Let’s take all-reduce after MLP as an example. You break the all-reduce into reduce-scatter and all-gather. Reduce-scatter is overlapped with MLP2 of the same layer. What about all-gather?
Similarly, for the all-reduce after attention, you overlap all-gather with MLP1. What about reduce-scatter? Are you overlapping this with post-projection, or is it not overlapped? If it is the former, isn’t post-projection too small?
@wenlei-bao @houqi
for dense, with sequence parallel, AR +LN is converted into RS + LN + AG.
in which AG for AllGather, LN for LayerNorm, RS for reduce_scatter.
for the FFN part, AG can be fused with FFN 0 GEMM. RS can be fused with FFN 1 GEMM.
also you can do the same in ATTN part.
for MOE, it's just like the dense.
In the end-to-end (E2E) implementation, you have used Tensor Parallelism, correct?

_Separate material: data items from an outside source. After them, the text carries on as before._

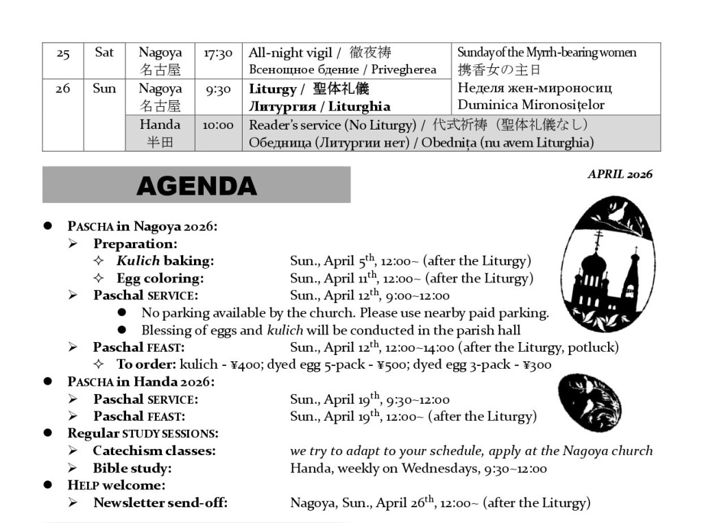 名古屋・半田両教会の皆さんが対象です。自由に参加下さい。未信徒の方もお誘いを!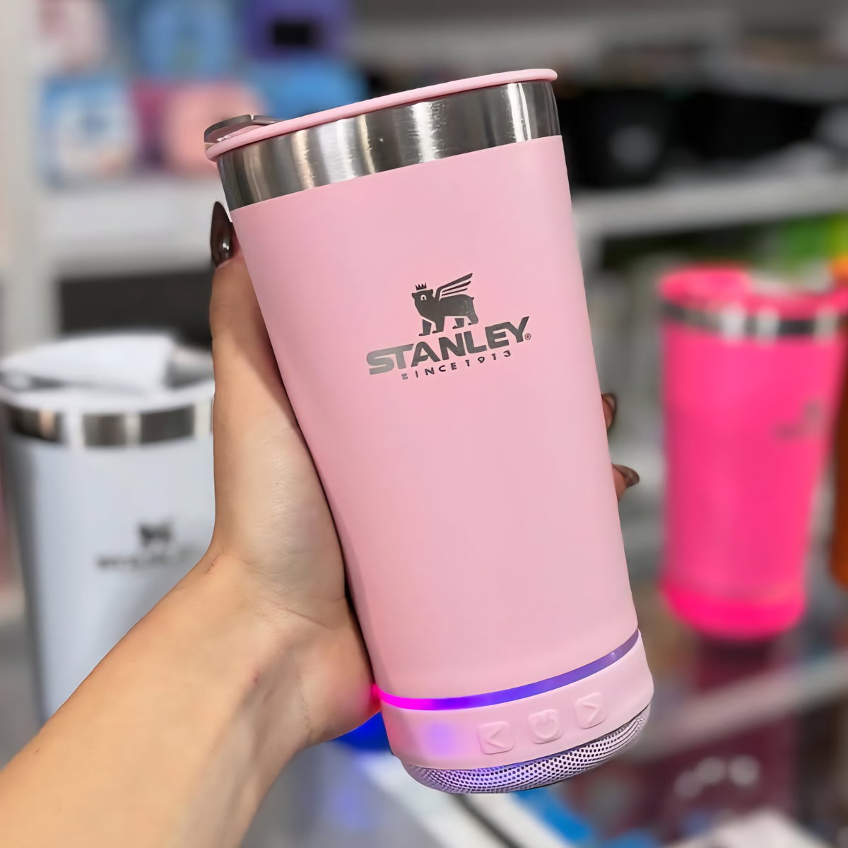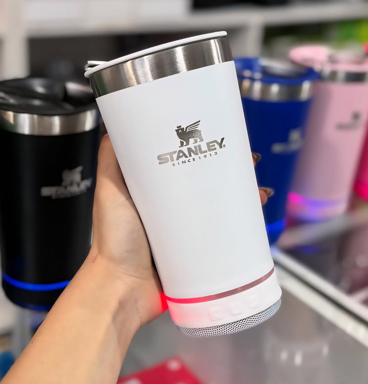 Vaso térmico, tapa con destapador STANLEY. CON PARLANTE . CARGA USB. 475 ml
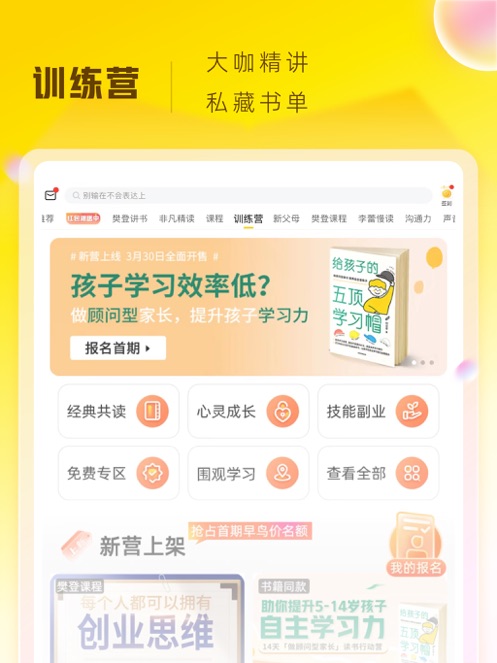 【训练营】:以社群为载体,大咖导师带教为核心,通过“社交互动式”的模式让书友在社群学习中连接、思考、践行,成为更牛的自己。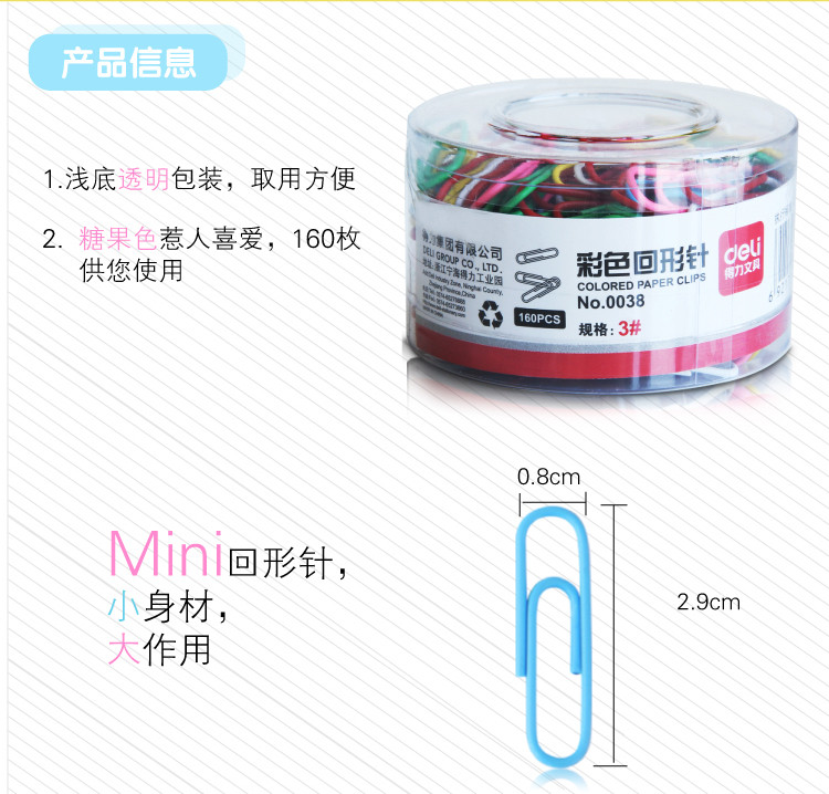 得力(DELI)0038 29MM彩色回形针 160枚/筒 ¥3.80/筒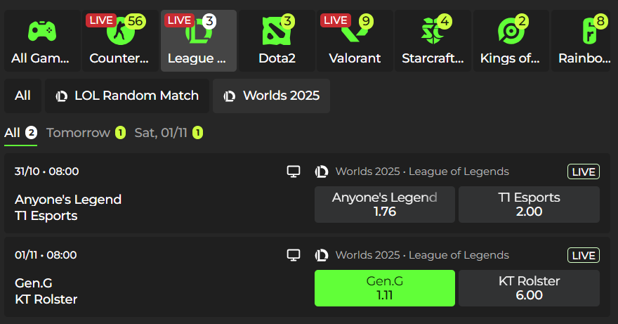 Il est possible de parier sur l’eSport (League of Legends, Valorant, Counter-Striker 2) en Belgique ou depuis les bookmakers offshore.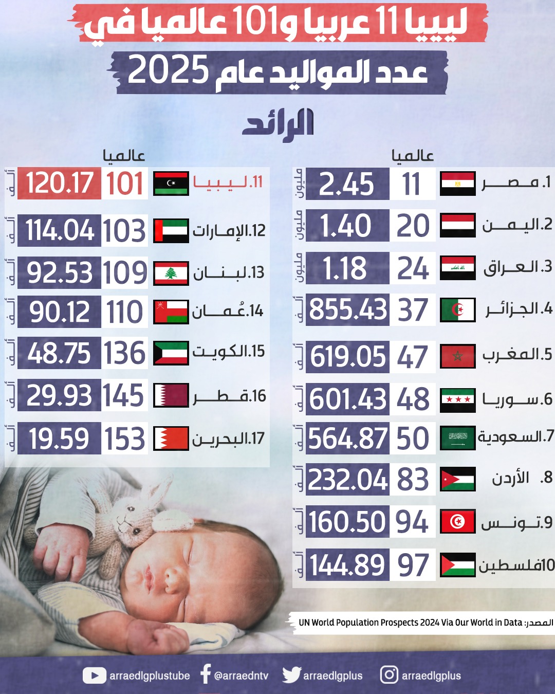 بحسب تقرير عن الأمم المتحدة، جاءت مصر في المرتبة الأولى عربيًا، والحادية عشرة عالميًا، من حيث عدد المواليد في عام 2025، بما يقارب 2.4 مليون مولود، يليها اليمن بنحو 1.4 مليون، وفي المركز الثالث جاءت العراق بـ1.1 مليون مولود، في حين حلّت ليبيا في المرتبة 11 عربيًا والـ101 عالميًا بـ120.17 ألف مولود.
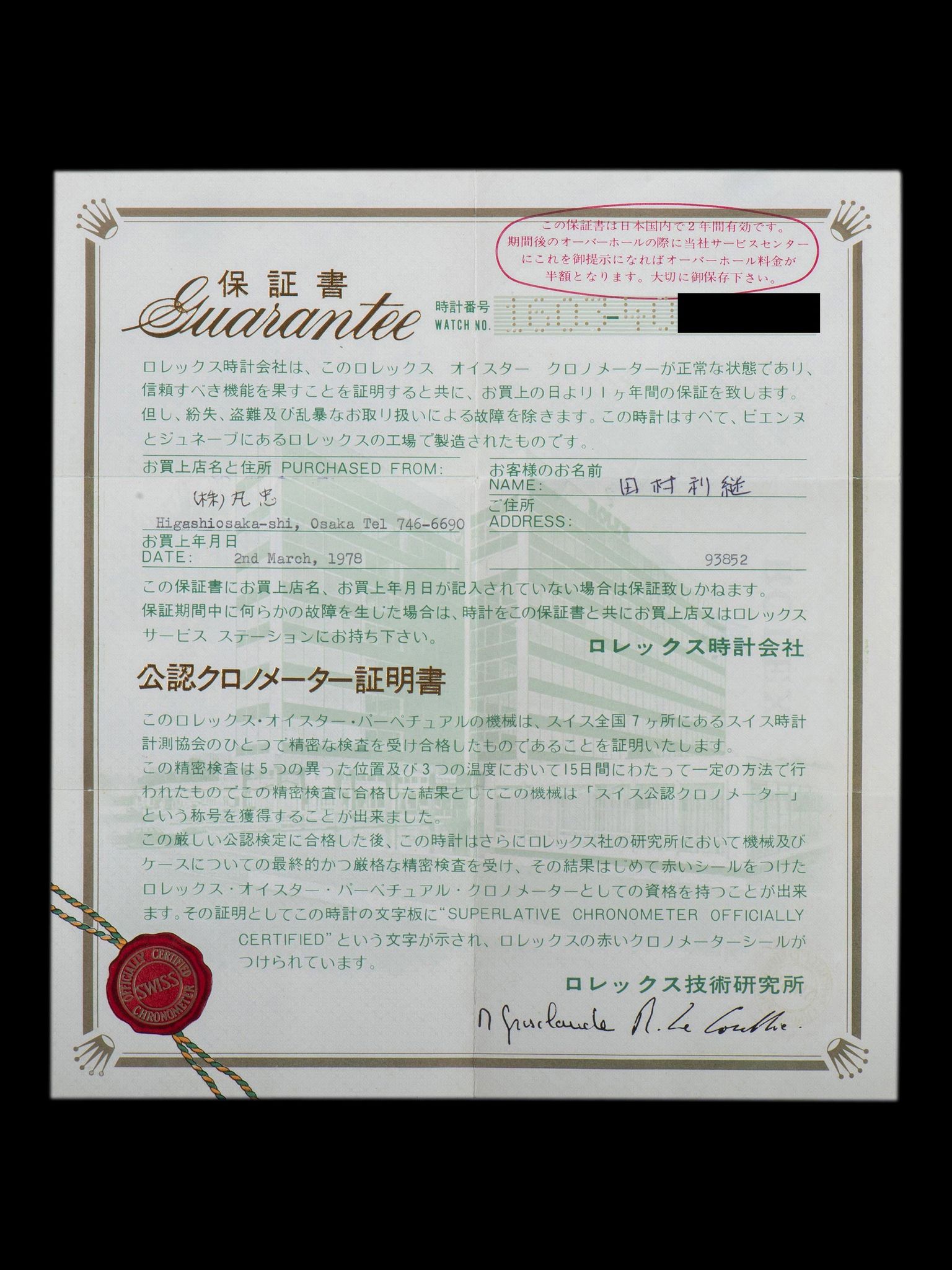 The watch comes as a complete set with its original inner and outer boxes, Rolex guarantee paper, booklets, and hangtags. The watch is keeping time, service history is unknown. A movement service can be provided upon request.
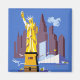 Vintage travel poster for Allegheny Airlines showing the Statue of Liberty and the New York City skyline, with the Empire State Building and the Chrysler Building, among others. circa 1950

Sorry, I’m a bit confused.
Dense Baseline Workflow
pre-projection → Attention → post-projection → All Reduce → LayerNorm → FFN 0-GEMM → activation → FFN 1-GEMM → All Reduce → LayerNorm
Overlapped Tensor Parallelism Workflow
pre-projection → Attention → post-projection → Reduce Scatter → LayerNorm → Fused(AllGather, FFN 0-GEMM) → activation → Fused(FFN 1-GEMM, Reduce Scatter) → LayerNorm → AllGather
Questions
- How are you handling Reduce Scatter (RS) after post-projection?
- How are you handling AllGather (AG) at the end?

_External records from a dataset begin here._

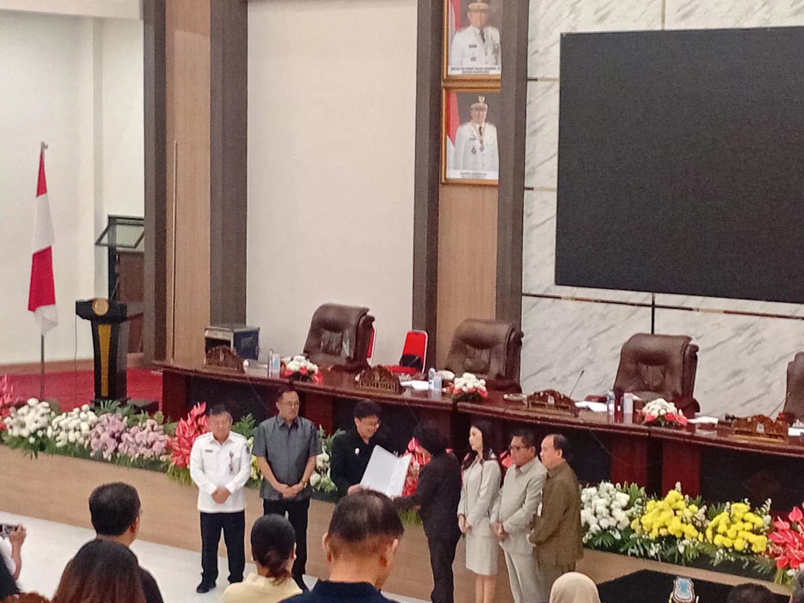 Usai penandatanganan, Ketua DPRD menyerahkan dokumen keputusan DPRD kepada Wali Kota Manado sebagai simbol resmi persetujuan bersama terhadap KUA-PPAS APBD 2026.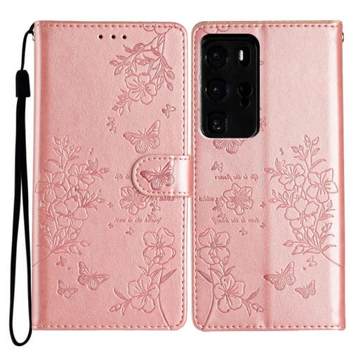 Funda de Cuero para Huawei P40 Pro Butterfly Love Flower en Relieve (Oro Rosa)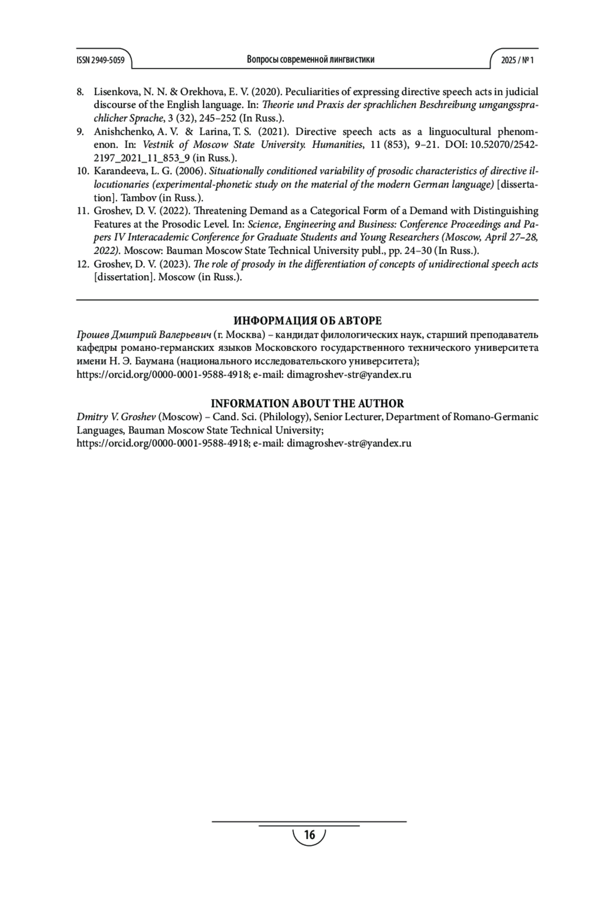 12. Грошев Д. В. Роль просодии в дифференциации концептов однонаправленных речевых актов: дис. … канд. филол. наук. М., 2023. 166 с.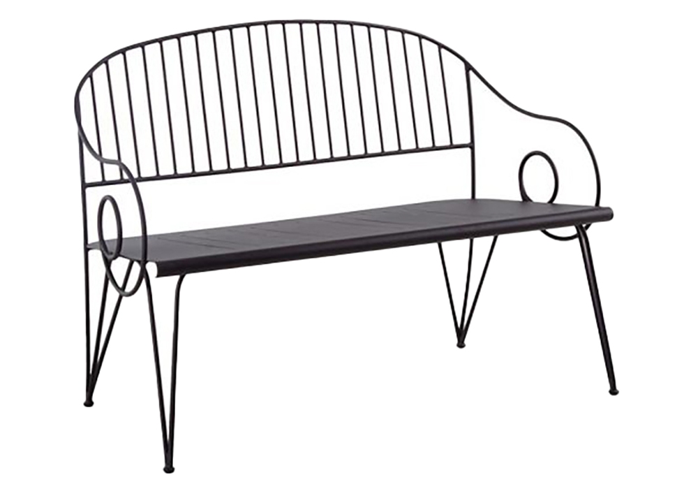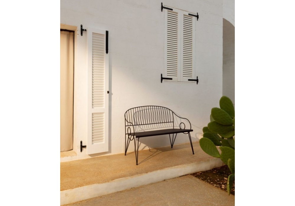 Ariete diseñado por Adam D. Tihany para Unopiù es un banco con estructura en hierro forjado trabajado a mano pintado en color bronce. Los cojines de los asientos están hechos de tela y están disponibles en diferentes colores.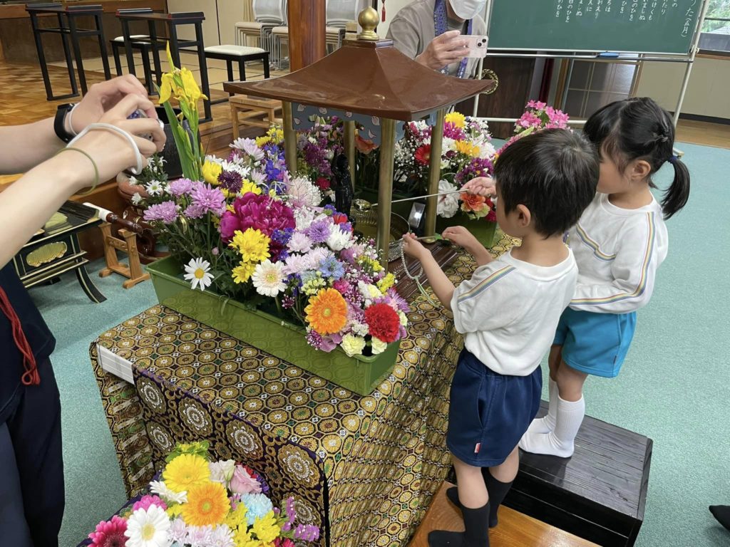5月19日(金)に「たかすこども園」と「くすのきこども園」両園の4、5歳の園児が、5月20日(土)には「児童養護施設 鷹巣学園」の児童が、お釈迦さま花まつり・親鸞さま降誕会に参拝しました。
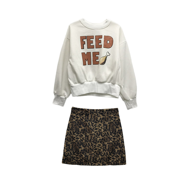 / 復古秋裝女2018新款套裝百搭字母印花衛衣女+百搭豹紋短裙兩件套

In the end-to-end (E2E) implementation, you have used Tensor Parallelism, correct?
yes
How are you handling Reduce Scatter (RS) after post-projection?
post-projection is a GEMM too. usually post-projection is H * H, compared with FFN-0 H * 4H or FFN-1 4H * H, it's small and fuse post-projection and the following RS may not have any benifit. so you have to test yourself and check if it works or not.

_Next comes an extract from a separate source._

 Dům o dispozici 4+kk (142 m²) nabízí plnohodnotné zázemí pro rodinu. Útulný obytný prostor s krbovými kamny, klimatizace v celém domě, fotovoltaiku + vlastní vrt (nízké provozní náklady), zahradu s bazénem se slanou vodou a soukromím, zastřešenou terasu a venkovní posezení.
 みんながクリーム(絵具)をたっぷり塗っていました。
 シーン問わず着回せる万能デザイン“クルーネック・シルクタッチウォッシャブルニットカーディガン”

How are you handling AllGather (AG) at the end?
AG can be fused with the following pre-projection from next layer.
I have read articles about Flux and noticed that the paper mentions a TP+SP approach in Transformer, not pure TP. To confirm: During the decoding phase of the inference stage, is the same TP+SP scheme applied, but with splitting performed along the batch dimension instead of the sequence length (since the sequence length is 1 in the decoding phase)? Could you please confirm if my understanding is correct? @houqi
I have read articles about Flux and noticed that the paper mentions a
TP+SPapproach in Transformer, not pureTP. To confirm: During the decoding phase of the inference stage, is the sameTP+SPscheme applied, but with splitting performed along the batch dimension instead of the sequence length (since the sequence length is 1 in the decoding phase)? Could you please confirm if my understanding is correct? @houqi
@wenlei-bao
In the end-to-end (E2E) implementation, you have used Tensor Parallelism, correct? Sorry, I’m a bit confused.
Dense Baseline Workflow
pre-projection → Attention → post-projection → All Reduce → LayerNorm → FFN 0-GEMM → activation → FFN 1-GEMM → All Reduce → LayerNorm
Overlapped Tensor Parallelism Workflow
pre-projection → Attention → post-projection → Reduce Scatter → LayerNorm → Fused(AllGather, FFN 0-GEMM) → activation → Fused(FFN 1-GEMM, Reduce Scatter) → LayerNorm → AllGather
Questions
- How are you handling Reduce Scatter (RS) after post-projection?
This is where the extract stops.